__Task requirements__
Repeat all of the records word for word, but skip any picture.
╭─ Listed entries
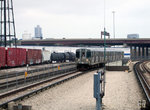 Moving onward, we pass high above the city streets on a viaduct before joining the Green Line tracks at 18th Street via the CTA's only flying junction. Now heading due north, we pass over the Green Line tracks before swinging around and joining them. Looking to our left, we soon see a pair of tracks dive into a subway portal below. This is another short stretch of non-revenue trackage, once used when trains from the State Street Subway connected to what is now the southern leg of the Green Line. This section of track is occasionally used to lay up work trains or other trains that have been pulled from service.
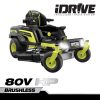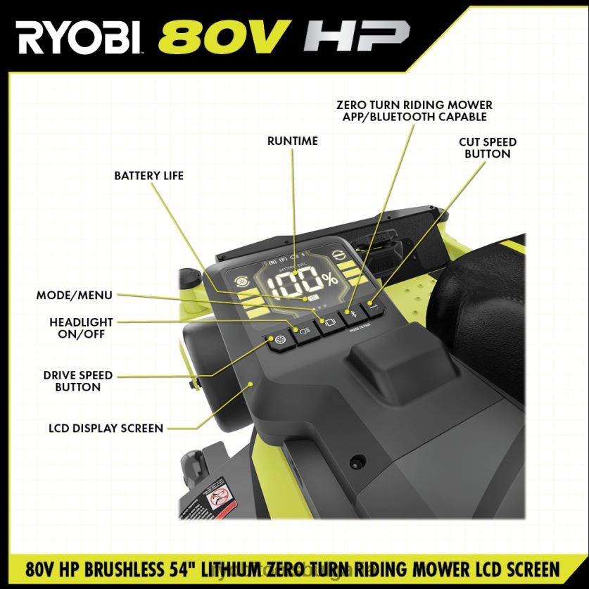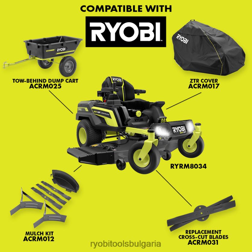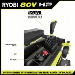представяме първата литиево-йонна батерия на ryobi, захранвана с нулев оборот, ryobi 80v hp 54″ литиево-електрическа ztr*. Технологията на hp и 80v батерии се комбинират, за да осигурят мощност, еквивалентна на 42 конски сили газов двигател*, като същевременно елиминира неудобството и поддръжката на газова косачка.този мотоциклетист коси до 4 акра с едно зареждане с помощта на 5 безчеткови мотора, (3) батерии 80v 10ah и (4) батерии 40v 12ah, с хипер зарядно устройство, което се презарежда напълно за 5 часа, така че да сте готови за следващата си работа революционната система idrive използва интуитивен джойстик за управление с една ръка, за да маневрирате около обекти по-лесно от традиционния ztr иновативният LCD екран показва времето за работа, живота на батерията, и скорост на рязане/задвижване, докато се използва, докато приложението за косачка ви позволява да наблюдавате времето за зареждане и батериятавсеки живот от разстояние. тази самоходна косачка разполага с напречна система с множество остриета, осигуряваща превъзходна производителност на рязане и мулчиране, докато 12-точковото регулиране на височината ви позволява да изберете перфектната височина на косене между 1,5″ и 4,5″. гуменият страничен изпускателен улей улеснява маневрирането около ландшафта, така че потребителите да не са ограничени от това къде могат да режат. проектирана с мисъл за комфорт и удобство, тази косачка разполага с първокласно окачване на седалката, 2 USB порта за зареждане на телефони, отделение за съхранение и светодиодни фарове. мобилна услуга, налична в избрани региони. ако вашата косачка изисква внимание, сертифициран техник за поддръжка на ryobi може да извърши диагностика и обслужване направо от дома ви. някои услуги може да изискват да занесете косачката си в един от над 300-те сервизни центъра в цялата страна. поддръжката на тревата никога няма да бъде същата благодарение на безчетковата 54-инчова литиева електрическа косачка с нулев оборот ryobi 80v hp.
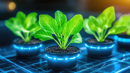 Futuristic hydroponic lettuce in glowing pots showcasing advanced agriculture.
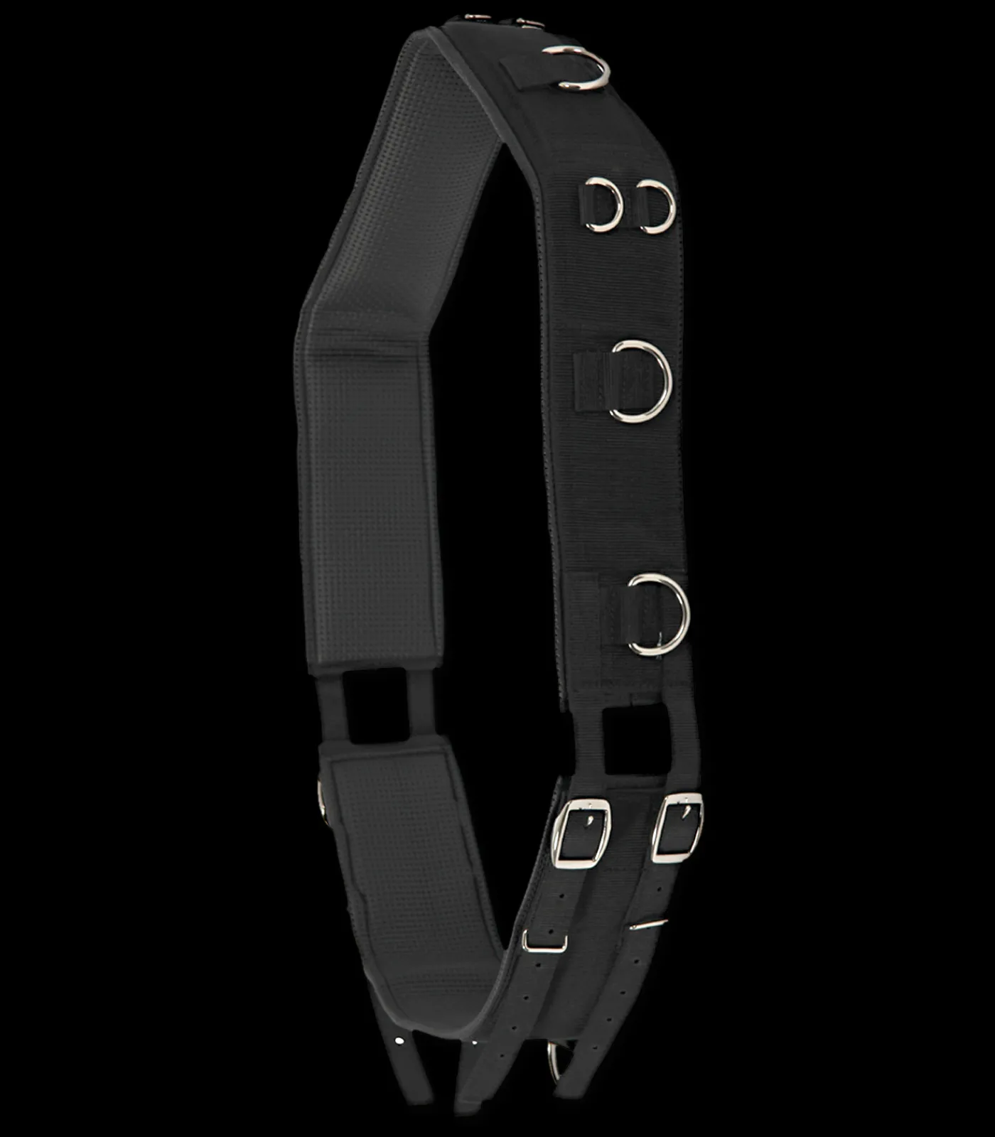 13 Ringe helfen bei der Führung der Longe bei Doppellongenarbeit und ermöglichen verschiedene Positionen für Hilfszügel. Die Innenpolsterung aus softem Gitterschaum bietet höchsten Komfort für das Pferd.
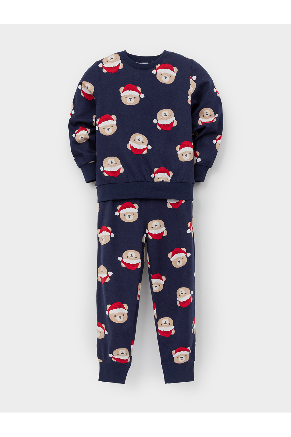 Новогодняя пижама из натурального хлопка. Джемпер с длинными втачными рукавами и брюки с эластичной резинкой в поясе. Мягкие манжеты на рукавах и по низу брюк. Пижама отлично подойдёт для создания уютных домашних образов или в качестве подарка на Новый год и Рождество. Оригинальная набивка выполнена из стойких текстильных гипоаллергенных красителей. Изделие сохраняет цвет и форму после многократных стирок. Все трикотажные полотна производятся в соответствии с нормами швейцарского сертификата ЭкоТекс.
╰─
__Response below__
 Moving onward, we pass high above the city streets on a viaduct before joining the Green Line tracks at 18th Street via the CTA's only flying junction. Now heading due north, we pass over the Green Line tracks before swinging around and joining them. Looking to our left, we soon see a pair of tracks dive into a subway portal below. This is another short stretch of non-revenue trackage, once used when trains from the State Street Subway connected to what is now the southern leg of the Green Line. This section of track is occasionally used to lay up work trains or other trains that have been pulled from service.
представяме първата литиево-йонна батерия на ryobi, захранвана с нулев оборот, ryobi 80v hp 54″ литиево-електрическа ztr*. Технологията на hp и 80v батерии се комбинират, за да осигурят мощност, еквивалентна на 42 конски сили газов двигател*, като същевременно елиминира неудобството и поддръжката на газова косачка.този мотоциклетист коси до 4 акра с едно зареждане с помощта на 5 безчеткови мотора, (3) батерии 80v 10ah и (4) батерии 40v 12ah, с хипер зарядно устройство, което се презарежда напълно за 5 часа, така че да сте готови за следващата си работа революционната система idrive използва интуитивен джойстик за управление с една ръка, за да маневрирате около обекти по-лесно от традиционния ztr иновативният LCD екран показва времето за работа, живота на батерията, и скорост на рязане/задвижване, докато се използва, докато приложението за косачка ви позволява да наблюдавате времето за зареждане и батериятавсеки живот от разстояние. тази самоходна косачка разполага с напречна система с множество остриета, осигуряваща превъзходна производителност на рязане и мулчиране, докато 12-точковото регулиране на височината ви позволява да изберете перфектната височина на косене между 1,5″ и 4,5″. гуменият страничен изпускателен улей улеснява маневрирането около ландшафта, така че потребителите да не са ограничени от това къде могат да режат. проектирана с мисъл за комфорт и удобство, тази косачка разполага с първокласно окачване на седалката, 2 USB порта за зареждане на телефони, отделение за съхранение и светодиодни фарове. мобилна услуга, налична в избрани региони. ако вашата косачка изисква внимание, сертифициран техник за поддръжка на ryobi може да извърши диагностика и обслужване направо от дома ви. някои услуги може да изискват да занесете косачката си в един от над 300-те сервизни центъра в цялата страна. поддръжката на тревата никога няма да бъде същата благодарение на безчетковата 54-инчова литиева електрическа косачка с нулев оборот ryobi 80v hp.
 Futuristic hydroponic lettuce in glowing pots showcasing advanced agriculture.
 13 Ringe helfen bei der Führung der Longe bei Doppellongenarbeit und ermöglichen verschiedene Positionen für Hilfszügel. Die Innenpolsterung aus softem Gitterschaum bietet höchsten Komfort für das Pferd.
 Новогодняя пижама из натурального хлопка. Джемпер с длинными втачными рукавами и брюки с эластичной резинкой в поясе. Мягкие манжеты на рукавах и по низу брюк. Пижама отлично подойдёт для создания уютных домашних образов или в качестве подарка на Новый год и Рождество. Оригинальная набивка выполнена из стойких текстильных гипоаллергенных красителей. Изделие сохраняет цвет и форму после многократных стирок. Все трикотажные полотна производятся в соответствии с нормами швейцарского сертификата ЭкоТекс.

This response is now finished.